Thursday, March 31

I am losing focus. Eh, I can't even say I'm losing it because it's already gone. I can't focus.
Having a fun social life and spending lots of time with my boyfriend has made me stupid. I was always a procrastinator but now I do things so half-ass that I know it won't turn out right in the end, yet I continue to just swing it. Go with it. "You'll do fine!" "Don't worry about it." "You know this crap." No, what I should have done was actually complete the homework, give a shit about what I'm learning, and not put everything off 'til the morning of. I know I bombed my test today in my algebra class, and she gave me 0 points for the homework. I didn't show any work. I can fucking do those problems in my head...but I did copy some of 'em from the back of the book. But still, I did most of 'em in my head. So I'm not happy. I shouldn't even be in this stupid class, I passed algebra 1 and 2 in high school, why the fuck am I in this class anyway...oh yeah, I couldn't pass the placement test. Just found out today though if you tell them you've already completed those that they'll place you where you need to be placed. Glad I'm in the class for no reason then.
I lost focus. I want it back.
I can't blame anyone but myself though. I just get so lazy.

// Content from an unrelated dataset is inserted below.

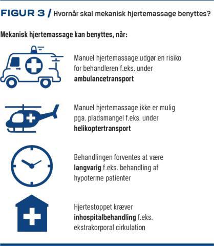 I Danmark forekommer der årligt ca. 5.400 hjertestop [8]. Skønt behandlingsresultaterne for hjertestop uden for hospital er forbedret væsentligt i de seneste år, er der fortsat tale om en yderst livstruende tilstand med en 30-dagesoverlevelse på kun 16% [8].Inden for de seneste 20 år har der været fokus på forbedring af overlevelsen med udvikling og forskning i nye præhospitale behandlingsmuligheder, således at det præhospitale system nu kan overlevere en patient med tilsyneladende behandlingsrefraktært hjertestop til en specialiseret hospitalsafdeling, hvor man kan tilbyde f.eks. ekstrakorporal kardiopulmonal genoplivning. En af disse behandlingsmuligheder er ekstern mekanisk hjertemassage (MekCPR). De intuitive fordele ved MekCPR er, at en maskine ikke udtrættes eller holder pause ved vanskelig transport fra skadested til transportenhed eller under indladning i helikopter eller ambulance. Derudover kan en maskine programmeres til en fast rytme og en fast kompressionsdybde, således at maskinen efter fastspænding på patienten giver en konstant ekstern hjertemassage. Massagen kan således gives præcist efter gældende guidelines, hvilket vil sige en kompressionsdybde på mindst fem centimeter og en frekvens på 100-120 kompressioner i minuttet [9]. En korrekt placering af apparatet på patientens brystkasse er dog en forudsætning for, at MekCPR virker optimalt.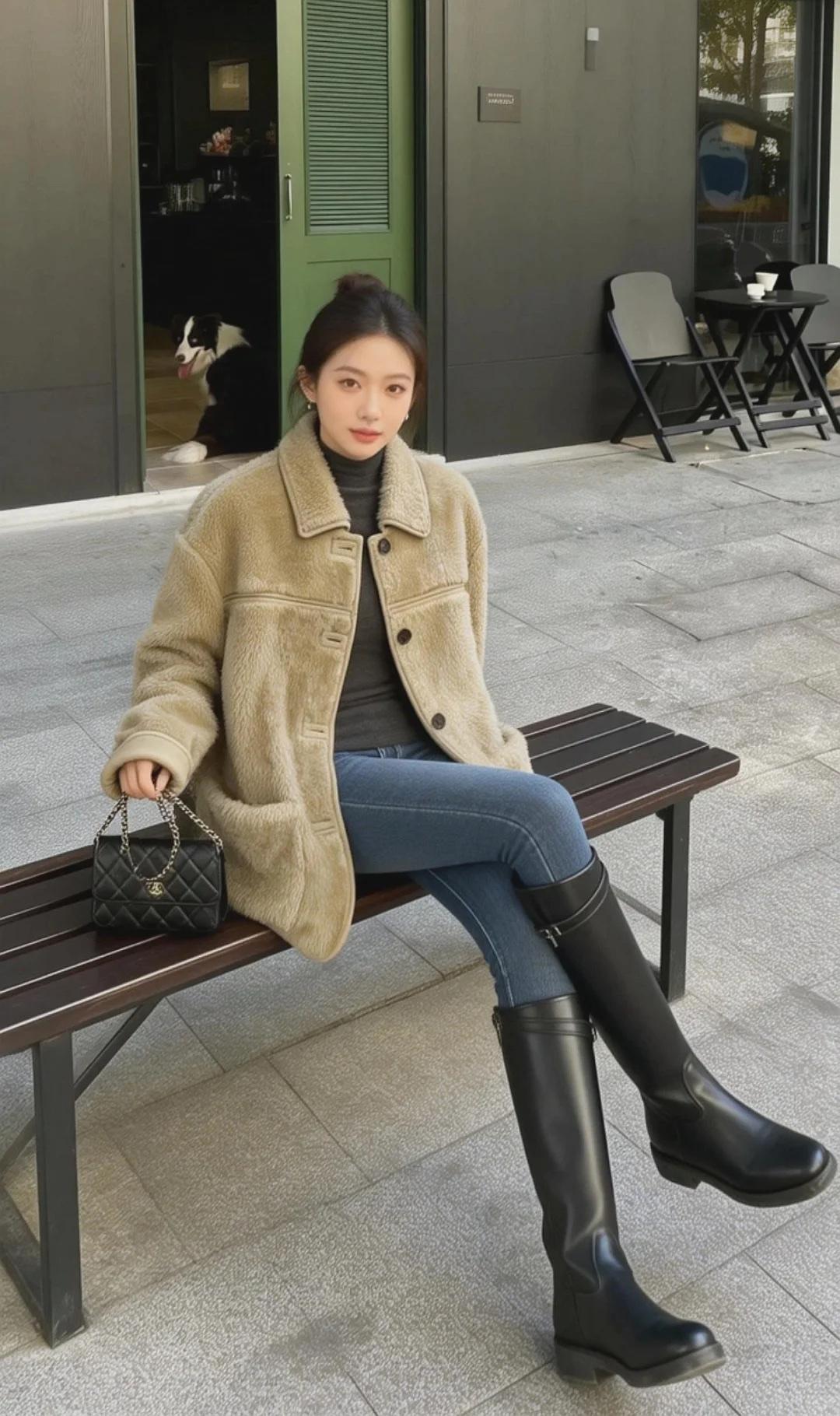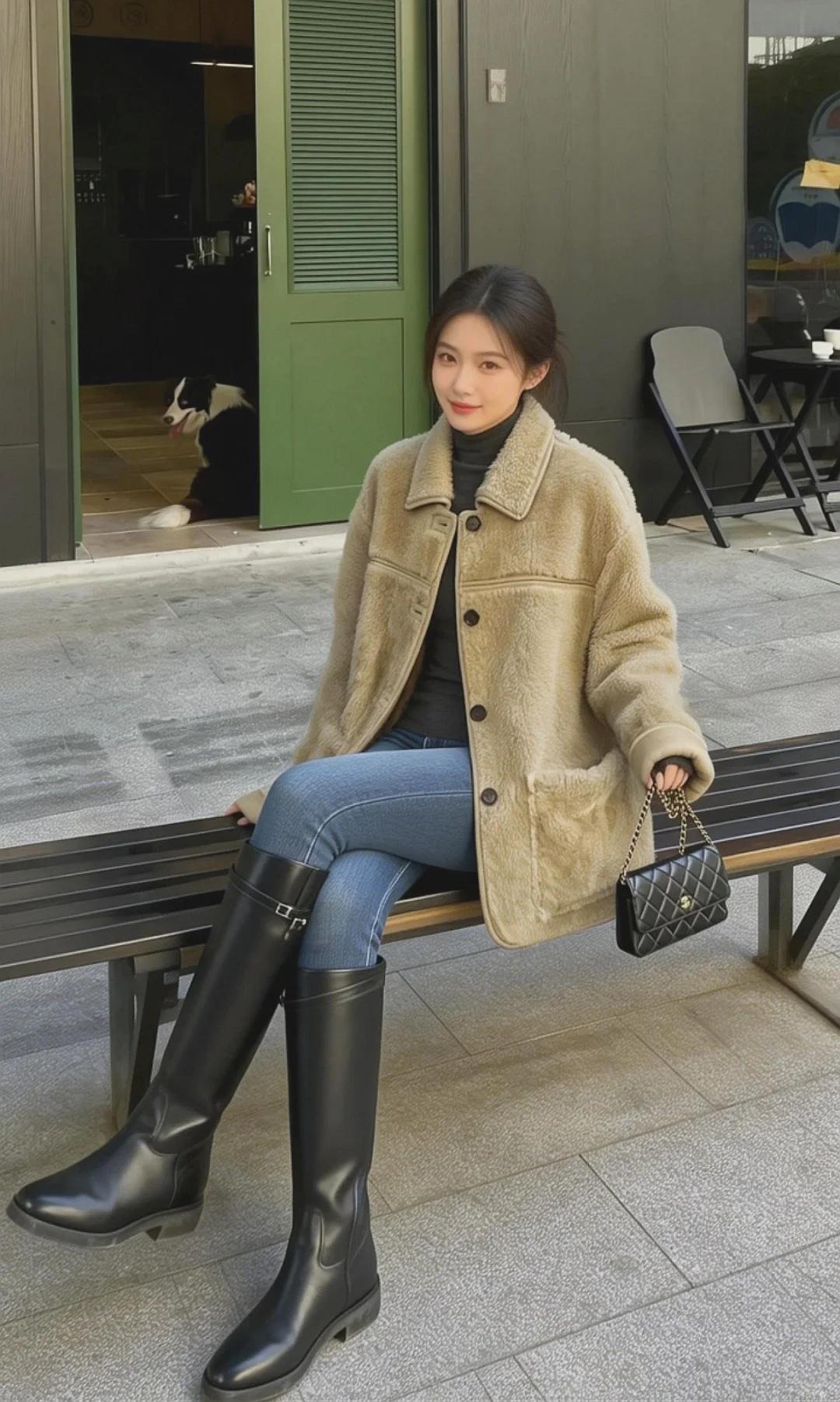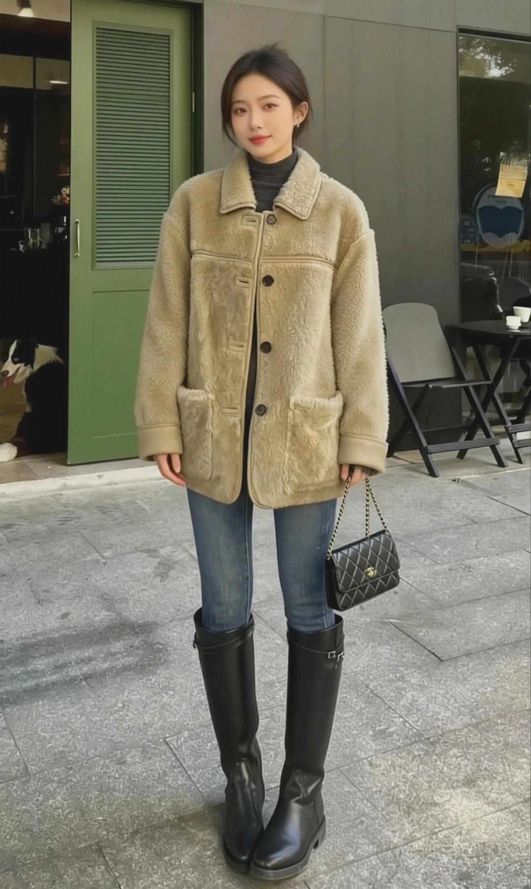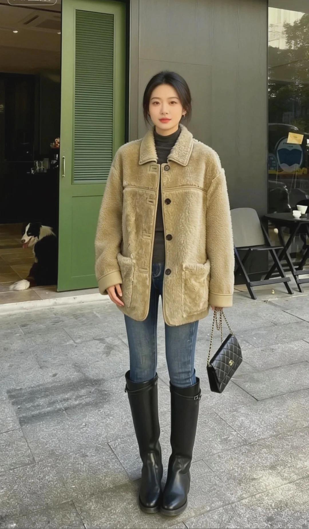 秋冬本命羊羔毛|温柔又保暖的松弛感 浅驼色外套软fufu的,像裹了团棉花 内搭黑高领+紧身牛仔裤+长靴 慵懒随性又显比例,出街被问爆🔗初雪穿搭[话题] OOTD[话题] 长靴穿搭[话题] 每日穿搭[话题] 氛围感穿搭[话题] 秋冬穿搭[话题] 日常穿搭[话题] 靴子控[话题] 长靴控[话题]

I'm hanging with Cassie today, thank goodness. I need Cassie-time. It's so fucking hot today, I want to go to the beach but I'm sure there'll be plenty of other hot days to go. I just need a tan, bad.
I've been working decent hours, I usually stay my full shift. And I'm picking up shifts, so I'm pleased about that. Money, I NEED IT!

I'm so hungry. Weed. Matzoh. All My Children.
Time to eat my feelings and watch a dramatic soap opera. The usual.